All of lore.kernel.org
 help / color / mirror / Atom feed
* [PATCH 1/2] libsepol: do not seg fault on sepol_*_key_free(NULL)
@ 2017-04-10 15:11 Stephen Smalley
  2017-04-10 15:11 ` [PATCH 2/2] libsemanage: revert "Skip policy module re-link when only setting booleans." Stephen Smalley
  0 siblings, 1 reply; 2+ messages in thread
From: Stephen Smalley @ 2017-04-10 15:11 UTC (permalink / raw)
  To: selinux; +Cc: cefrodrigues, jwcart2, Stephen Smalley

sepol_*_key_free(NULL) should just be a no-op just like
free(NULL).  Fix several instances that did not handle this
correctly and would seg fault if called with NULL.

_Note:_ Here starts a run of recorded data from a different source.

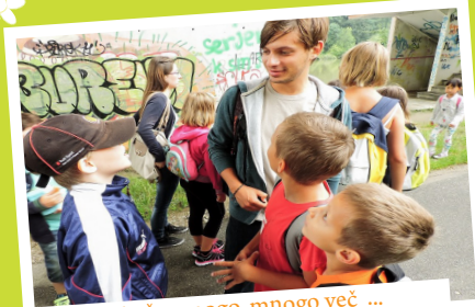
... in še mnogo, mnogo več ...
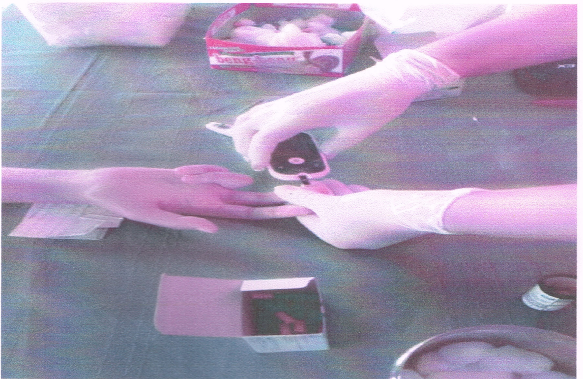
กิจกรรมอบรม อสม.และฝึกปฏิบัติการเจาะเลือดที่ปลายนิ้ว
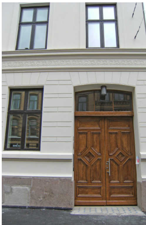
Pilestredet 30A fra 1860, har fått tilbakeført inngangsporten til ådret utførelse
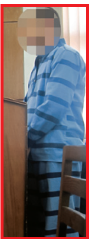
گمشده هم پیدا کردند.

پس از اعتراف متهم، مأموران به نشانی که در حالی که یک ماه از حادثه گذشته بود و مأموران همچنان در تلاش بودند تا پسر گمشده را پیدا کنند، مرد مغازه‌داری با اداره پلیس تماس گرفت و راز قتل پسر نوجوان را بر ملا کرد.
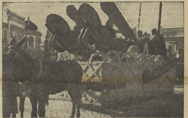
Um aspecto do carnaval em Loulé

Tanto os prosadores como os poetas portugueses acompanharam de perto os mestres franceses. Mas três dos nossos escritores inclinaram-se abertamente para os naturalistas ingleses, cuja maneira de sentir e pensar revelava um poder de expressão mais calmo, mais sereno e mais britânico.

Test: setsebool -P zebra_write_config=1 while non-root

Signed-off-by: Stephen Smalley <sds@tycho.nsa.gov>
---
 libsepol/src/boolean_record.c | 2 ++
 libsepol/src/iface_record.c   | 2 ++
 libsepol/src/user_record.c    | 2 ++
 3 files changed, 6 insertions(+)

diff --git a/libsepol/src/boolean_record.c b/libsepol/src/boolean_record.c
index ebef7f1..a194704 100644
--- a/libsepol/src/boolean_record.c
+++ b/libsepol/src/boolean_record.c
@@ -67,6 +67,8 @@ int sepol_bool_key_extract(sepol_handle_t * handle,
 
 void sepol_bool_key_free(sepol_bool_key_t * key)
 {
+	if (!key)
+		return;
 	free(key->name);
 	free(key);
 }
diff --git a/libsepol/src/iface_record.c b/libsepol/src/iface_record.c
index c8b977c..6d56835 100644
--- a/libsepol/src/iface_record.c
+++ b/libsepol/src/iface_record.c
@@ -73,6 +73,8 @@ int sepol_iface_key_extract(sepol_handle_t * handle,
 
 void sepol_iface_key_free(sepol_iface_key_t * key)
 {
+	if (!key)
+		return;
 	free(key->name);
 	free(key);
 }
diff --git a/libsepol/src/user_record.c b/libsepol/src/user_record.c
index ed5b048..fa95f2d 100644
--- a/libsepol/src/user_record.c
+++ b/libsepol/src/user_record.c
@@ -76,6 +76,8 @@ int sepol_user_key_extract(sepol_handle_t * handle,
 
 void sepol_user_key_free(sepol_user_key_t * key)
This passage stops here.